====== Dataset content
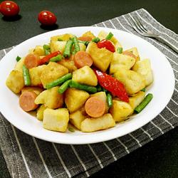 8.Pour in the beans, ham and red pepper and stir-fry.
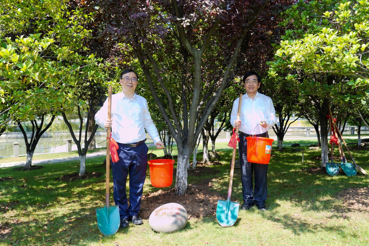 报告会前,黄维院士与师生代表共同在砚湖边院士林植树。
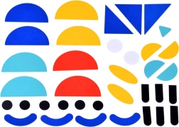 Vrolijke geometrische stukjes van prettig materiaal ondersteunen de training van fijne motoriek, het herkennen van kleuren en vormen, en het ruimtelijk inzicht.
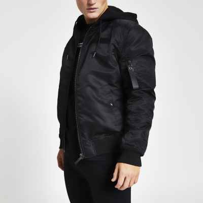 Black hooded MA1 bomber jacket River Island
============
- What is needed -
Provide a precise transcription of the listing, excluding each picture.

- Solution -
 8.Pour in the beans, ham and red pepper and stir-fry.
 报告会前,黄维院士与师生代表共同在砚湖边院士林植树。
 Vrolijke geometrische stukjes van prettig materiaal ondersteunen de training van fijne motoriek, het herkennen van kleuren en vormen, en het ruimtelijk inzicht.
 Black hooded MA1 bomber jacket River Island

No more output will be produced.